Nouvelle démission d’un ministre soupçonné de corruption

Un de plus ! Soupçonné de corruption, le ministre du Commerce et de l’Industrie, Martin Kocourek, a démissionné de ses fonctions mercredi. Il est ainsi devenu le sixième ministre et le troisième membre du Parti civique démocrate (ODS), principale formation de la coalition, à quitter prématurément un gouvernement qui a fait de la lutte contre la corruption une de ses priorités.

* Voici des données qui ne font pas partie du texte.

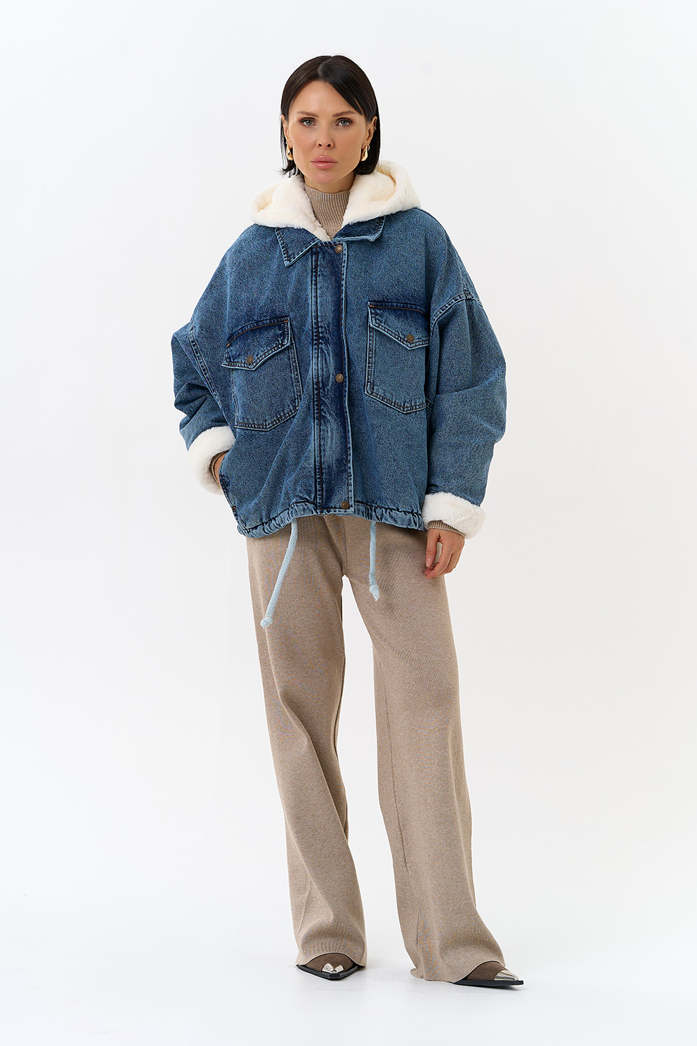 Крой воротника - съемный капюшон, отделка эко мех
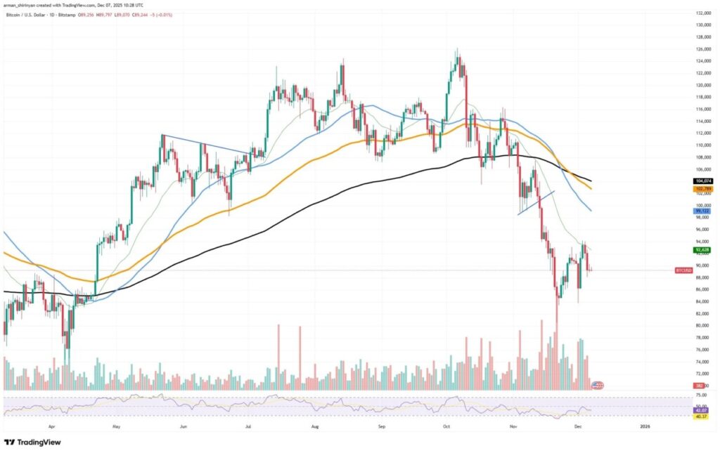 Bitcoin masih diperdagangkan di bawah rata-rata pergerakan utamanya setelah penjualan besar-besaran terakhir. Struktur ini, menurut analisis teknikal, menunjukkan bahwa pasar masih berada dalam fase pemulihan yang mendukung pandangan awal Burry tentang risiko koreksi.
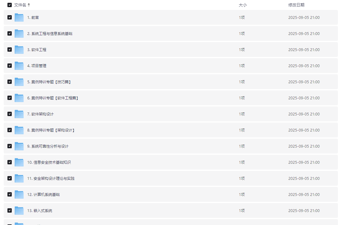 系统架构设计师精讲班视频教程,本课程以系统架构设计为核心,涵盖从基础理论到实战案例的完整体系。学员将系统学习软件工程、项目管理、计算机网络、数据库、信息安全与嵌入式系统等知识,并通过案例特训掌握架构设计的关键技巧。
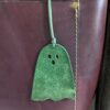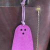 Adorable little leather ghost purse charm. Hand cut from SoRetro leather with a coordinating vegan suede strand and bronze swivel clasp. These are approximately 5-6 inches long.

Martin Kocourek, photo: CTKMartin Kocourek, photo: CTK C’est une somme de 16 millions de couronnes (640 000 euros) se trouvant sur le compte bancaire de sa mère qui a coûté sa place à Martin Kocourek. Le scandale a éclaté vendredi dernier, suite à la publication dans la presse de documents démontrant que la mère du ministre avait signé, en 2008, un contrat avec une société d’investissement, signature à la suite de laquelle étaient apparues sur son compte, une semaine plus tard, des obligations d’une valeur de 16 millions. Trois mois plus tard, l’ordre était donné de vendre ces obligations. Selon les documents publiés, l’argent qui aurait permis l’achat des titres provenait d’une société siégeant au Nouveau-Mexique, aux Etats-Unis. Forcément, Martin Kocourek a été aussitôt soupçonné d’être impliqué dans une affaire de corruption.

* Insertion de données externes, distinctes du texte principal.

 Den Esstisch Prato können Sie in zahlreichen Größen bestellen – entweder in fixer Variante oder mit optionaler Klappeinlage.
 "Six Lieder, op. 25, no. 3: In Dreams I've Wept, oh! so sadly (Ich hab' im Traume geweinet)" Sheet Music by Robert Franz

Mercredi après-midi, le ministre a donné sa version des faits lors d’une conférence de presse spéciale au cours de laquelle il est apparu très nerveux et très hésitant :

« Il s’agit en partie d’argent qui appartenait à ma famille. C’est-à-dire qu’il y avait de l’argent de ma mère, de l’argent en rapport avec mon passé, concrètement provenant de mon accident, et il y avait aussi de l’argent qui était le fruit de mes économies et de mes affaires. »

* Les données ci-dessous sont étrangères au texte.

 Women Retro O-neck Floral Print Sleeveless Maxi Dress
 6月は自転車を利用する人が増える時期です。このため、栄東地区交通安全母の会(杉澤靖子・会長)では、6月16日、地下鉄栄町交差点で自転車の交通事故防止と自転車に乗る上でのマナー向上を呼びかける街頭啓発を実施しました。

Après avoir démenti l’information selon laquelle cette somme d’argent aurait un rapport avec ses anciennes fonctions au sein du conseil de surveillance de ČEZ, la société nationale de production et de distribution d’électricité, Martin Kocourek a déclaré avoir réalisé ces transactions afin, selon ses propres termes, de « détourner » la somme de 16 millions de son épouse dont il a divorcé en 2008. Lors de cette même conférence de presse, Martin Kocourek affirmait qu’il n’entendait pas abandonner son fauteuil de ministre. Mais dans la soirée, le Premier ministre, Petr Nečas, après avoir qualifié les démarches de Martin Kocourek de « malheureuses » tout en précisant qu’il ne voyait aucune suspicion de corruption dans cette affaire, annonçait avoir accepté sa démission. Ministre de la Justice et vice-président du Parti civique démocrate, Jiří Pospíšil justifie la position du chef du gouvernement :

Jiří PospíšilJiří Pospíšil « Il y aurait eu un problème si l’affaire avait duré plusieurs semaines et si Martin Kocourek n’avait pas donné d’explications. Or, le Premier ministre lui a laissé quelques jours pour rassembler ses arguments. Je pense que c’est une démarche adéquate. Aujourd’hui, il est apparu que son argumentation était difficilement utilisable. Ses explications selon lesquelles il s’agit de biens appartenant à sa famille qu’il voulait détourner de sa femme ne sont effectivement pas très heureuses, et c’est pourquoi il a démissionné. Mais l’essentiel est qu’une explication ait été donnée, qu’une décision ait été prise et que l’affaire n’ait pas traîné. »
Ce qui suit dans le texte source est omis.